We do not wish to be understood as intimating, that the precise interrogatories used in this case were necessary, or even, that only such would be proper. The competency of such witnesses depends on the sense and reason they entertain of the danger and impiety of falsehood, and if such a sense can be collected from their answers they should be admitted, otherwise rejected.

7. The remaining' question to be considered, is that which relates to the propriety of the charge, which was refused as well as that which was given.

It is conceded by the counsel of the prisoner, and properly so in our opinion, that if the death [was accelerated by the violence of the prisoner, his guilt is not extenuated, although death might be, and probably would have been the result of the disease, which then afflicted the deeéased.
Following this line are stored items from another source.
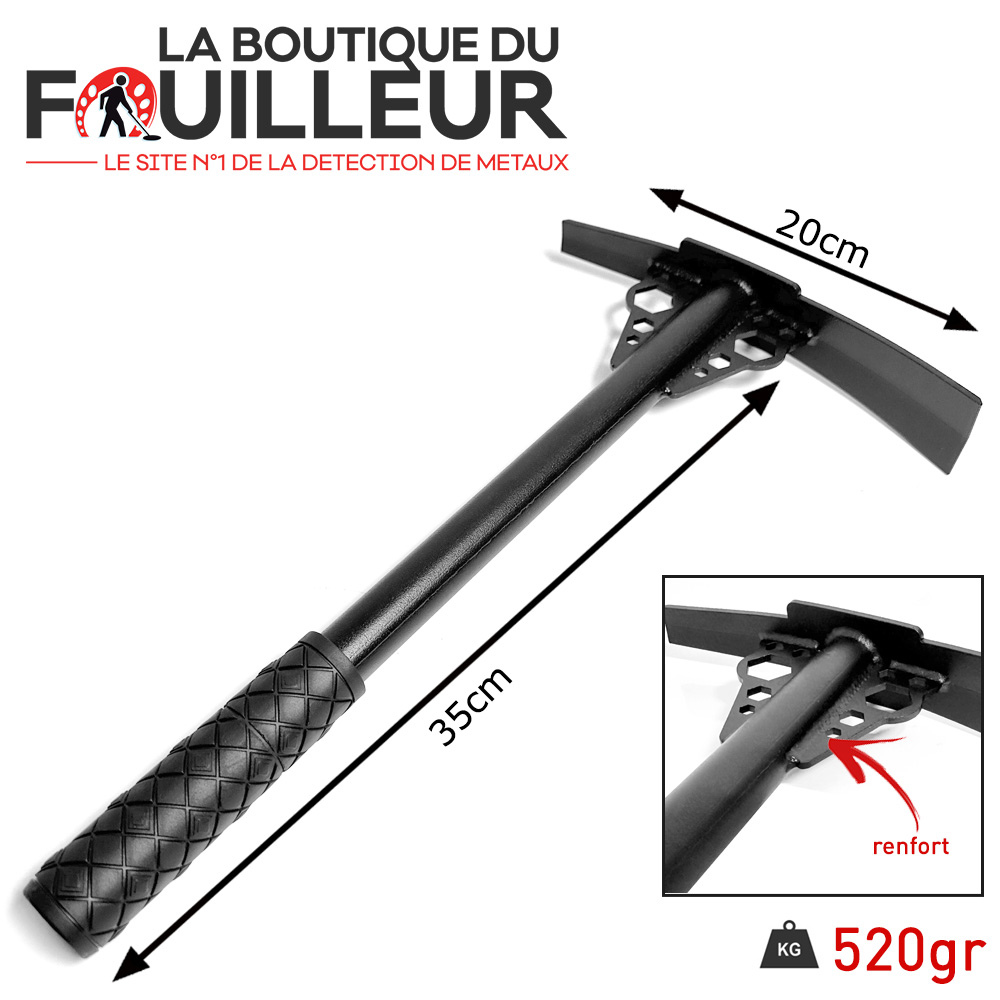 Le Piochon Lefouilleur est résistant et très léger. Il ne pèse que 520g ! Son manche mesure 35cm et sa lame 20x4cm. Il est équipé d'un grip et peut facilement s'accrocher à la ceinture grâce aux trous dans les renforts sous la lame.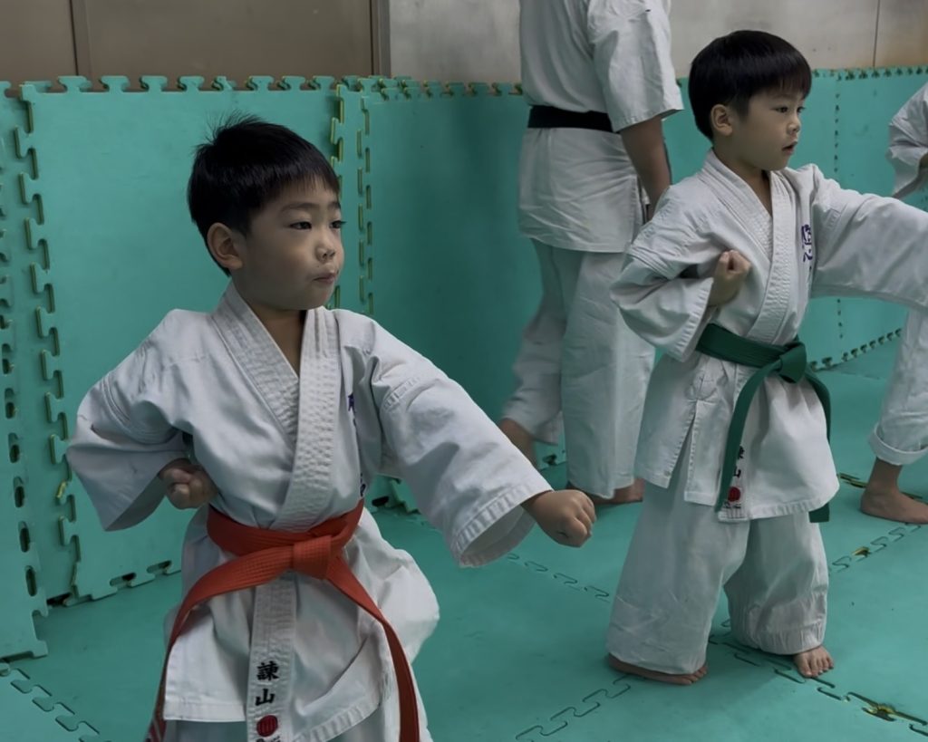 先週と打って変わって今日は参加者がかなり少なめ💦そんなわけでオレンジ帯のかいり君も前列でお手本の練習です!お兄ちゃんの横で頑張っていました!いいね👍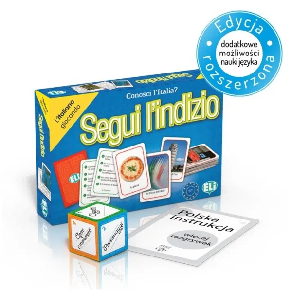 Segui l'indizio to fascynująca gra językowa o narciach cywilizacyjno-kulturowych. Dzięki niej gracze mają możliwość aktywnego rozwijania swojej umiejętności języka włoskiego na poziomie A2, jednocześnie poznając charakterystyczne miejsca, zabytki, osobistości, wytwory kultury oraz kulinaria z Włoch. Principi di gioco: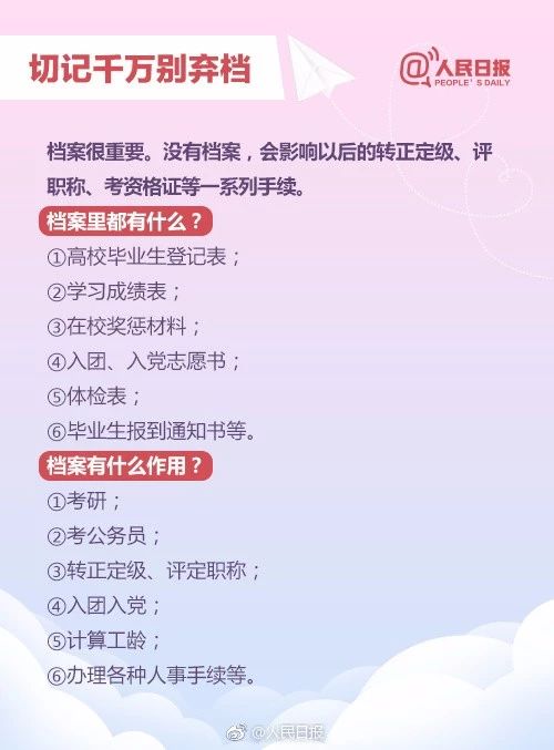 2018毕业季已经进入倒计时,各种证件发放、手续办理一股脑涌来,常常让人一头雾水!即将离开校园,最后一步你还需做好这些事:①各种证书复印、扫描;②妥善安置档案,千万别弃档;③及时领取保管好报到证;④处理好党组织关系转移……以下手续千万记住!!!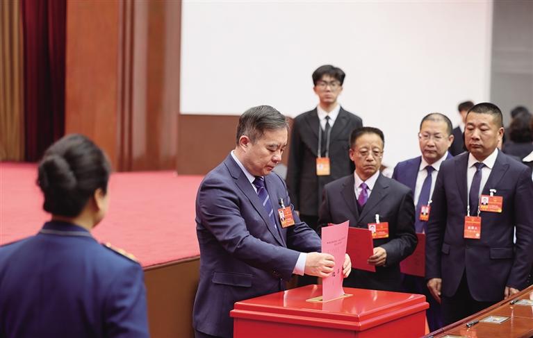 2月12日下午,市十六届人大五次会议第三次全体会议上,参会代表正在投票。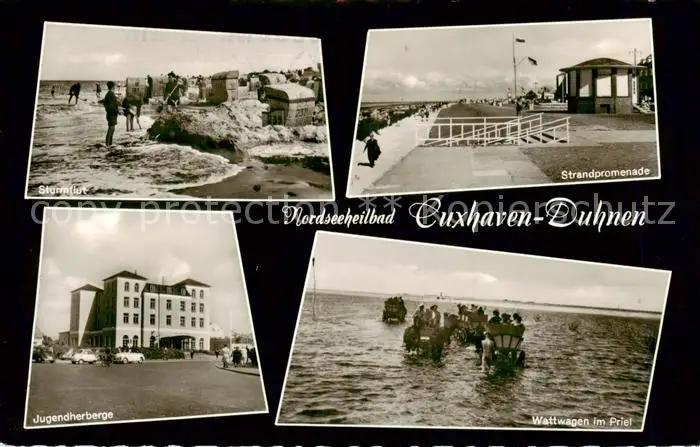 AK / Ansichtskarte 73835049 Duhnen_Cuxhaven Sturmflut Strandpromenade Jugendherberge Wattwagen im Priel

8. But it is insisted that the Circuit Court, was wrong in assuming, that the prisoner was guilty of murder, when the crime, in the consideration of the jury, under the facts in evidence, may have been but manslaughter.

The evidence on which the charge was asked, is not stated but we must presume, from the absence of any request by the prisoner to modify the instructions, that they were warranted by the facts, and that their correctness in point of law was alone disputed.

The charge given to the jury, seems to be nothing more than a response to that which was requested, but refused.

*280We can perceive no other error in the decision of the several questions referred, than the admission of the infant without a satisfactory examination in open Court.

In consequence of the improper admission of this witness, the sentence must be vacated and the judgment reversed.

The prisoner to be kept in custody to await another trial, unless discharged by due course of law.